Il y a un moment que Songs of Mirth and Melancholy, le duo constitué par Branford Marsalis et Joey Calderazzo, s’attarde à la fois dans ma tête et dans le lecteur CD. Dans la très grande discographie de Branford Marsalis (26 albums sous sa signature depuis 1984), on trouve assez peu de pianistes. Il y eut le très fidèle Kenny Kirkland, depuis Scenes of the City (1984) jusqu’à sa mort en 1998 et le posthume Requiem, sorti l’année suivante. Il y eut bien entendu Ellis Marsalis, avec qui il avait signé un premier et jusqu’alors unique duo, Loved Ones, en 1995, dans un registre proche de Songs of Mirth.
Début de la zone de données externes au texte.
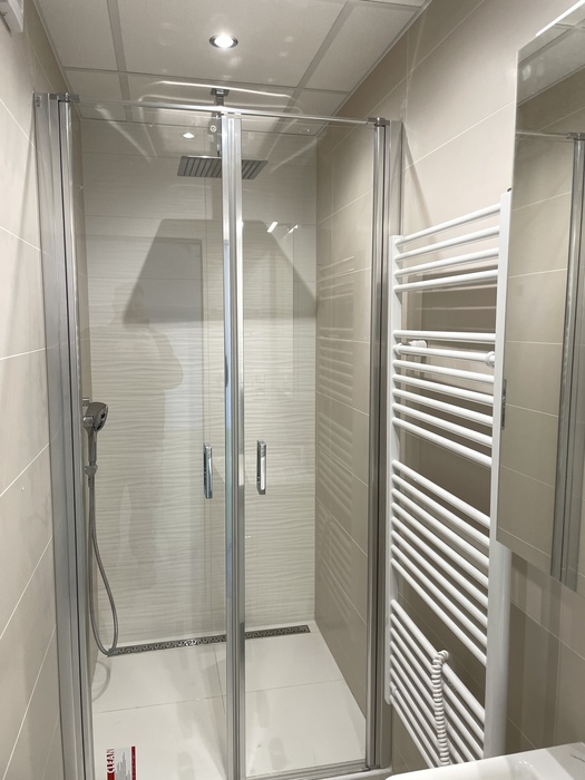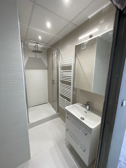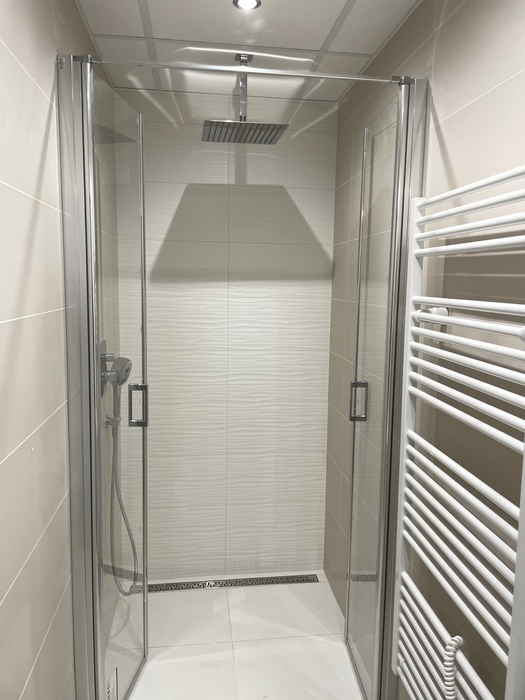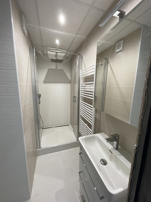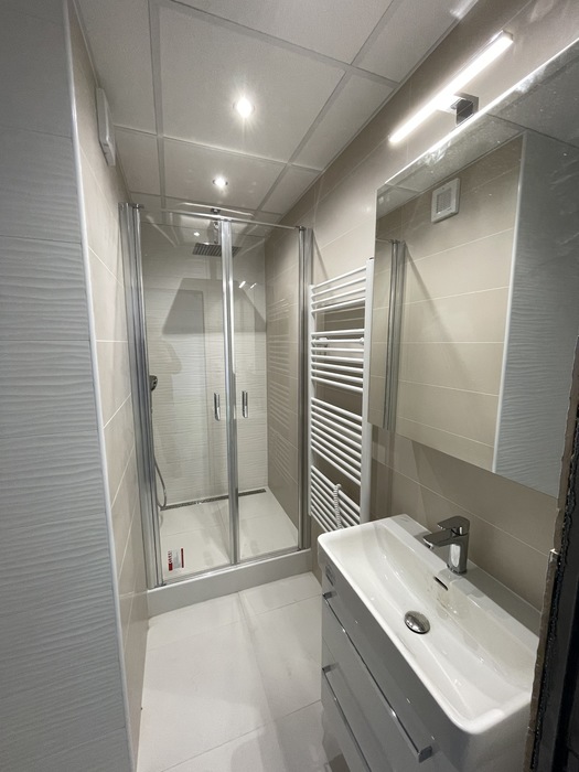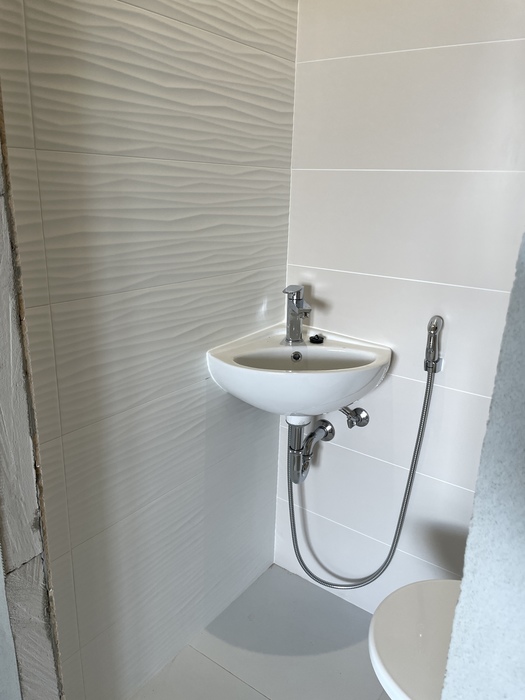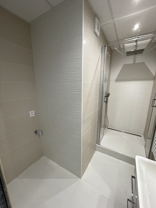 V bytě 2+1 v Třebíči jsme prováděli rekonstrukci bytového jádra na klíč. Nové bytové jádro má změněnou pozici tak, aby vznikl sprchový kout 100x100 cm s odtokovým žlabem a sprchovými dveřmi v provedení lítačky. Koupelnu jsme nově vyzdili z Ytongových cihel. Do toalety, která je na původním místě, jsme osadili závěsné wc Geberit a rohové umyvátko s bidetovou baterií. V koupelně i wc je osazen snížený strop s LED osvětlením. Prováděli jsme přípravu pro novou kuchyň.

Il y eut également Herbie Hancock, Mulgrew Miller, Kenny Baron et James Williams mais chacun de manière très ponctuelle. On a donc ici un album cosigné qui s’inscrit dans un double héritage : celui des pianistes de Marsalis, et Loved Ones, qui a forcément été un élément de comparaison.

Mélancolie…

C’est un beau disque. Pourtant, à première écoute il ne semble pas compter parmi les œuvres majeures de l’aîné des frères Marsalis. Peut-être parce que la première plage, « One Way », n’est pas de bon augure : elle sonne presque comme un ragtime sur lequel il vaut mieux passer rapidement pour mieux profiter des suivantes, belles et émouvantes. En réalité, c’est moins la musique - au demeurant très agréable - de Songs of Mirth and Melancholy qui pose problème que le titre de l’album lui-même. Placé à la fois sous le signe de l’allégresse et de la mélancolie, il promet des impressions puissantes dans un registre comme dans l’autre. D’ailleurs, côté mélancolie, « The Bard Lachrymose », qui sonne comme une pièce de musique de chambre, s’étire avec une peine feinte qui lui confère une couleur noire très expressive. Le jeu de Joey Calderazzo fait parfois penser à Satie. « La valse Kendall » est de la même eau. Ses phrases doucement dépressives vous installent dans un spleen très prononcé. Tout évoque « le roi d’un pays pluvieux »…

Espoir ?

On filera sans attendre vers la plage 7, « Hope », pour voir ce qu’il en est de la joie, qu’on associe plus spontanément à l’espoir. Le morceau est beau et on imagine qu’il peut, en concert, séduire le public. En revanche, il n’évoque en rien l’espoir, et encore moins l’allégresse ; on y verrait davantage un pluvieux lundi de novembre : tempo lent, phrases réduites au strict minimum… Peut-être ne faut-il pas se faire une idée trop restrictive de la joie ? Pourtant, même en approfondissant, en acceptant que l’espoir ne soit pas nécessairement générateur d’atmosphères festives, il est presque impossible d’en apercevoir une lueur dans cette musique de ciel bas, de froid, d’introspection. C’est très beau, mais il faut attendre le dernier quart pour que la composition, qui dure presque 9 minutes, s’éclaire un tant soit peu. Mieux vaut alors se tourner vers « Bri’s Dance », qui clôt l’album. La danse, c’est peut-être là que se trouve l’allégresse ? Le mouvement, en tout cas. Ce morceau plus enjoué se déroule sur un tempo qui file à toute allure, comme les doigts des musiciens, mais n’est pas franchement hilarant pour autant.

L’album est donc une réussite pour la moitié de son énoncé, celle qui concerne la mélancolie, ici puissante et fort à propos - à l’image de la pochette, recto et verso. J’en veux pour exemple « Die Trauernde » et son départ évoquant le brillant « Se dolce è il tormiento » de Monteverdi ; on ne saurait mieux signifier (surtout dans la version de Paolo Fresu et Uri Caine), tristesse et profond désespoir. En revanche, il ne faut pas attendre de ces Songs of Mirth and Melancholy la confrontation deux sentiments antagonistes. Tout y est, exclusivement, noirceur et affliction.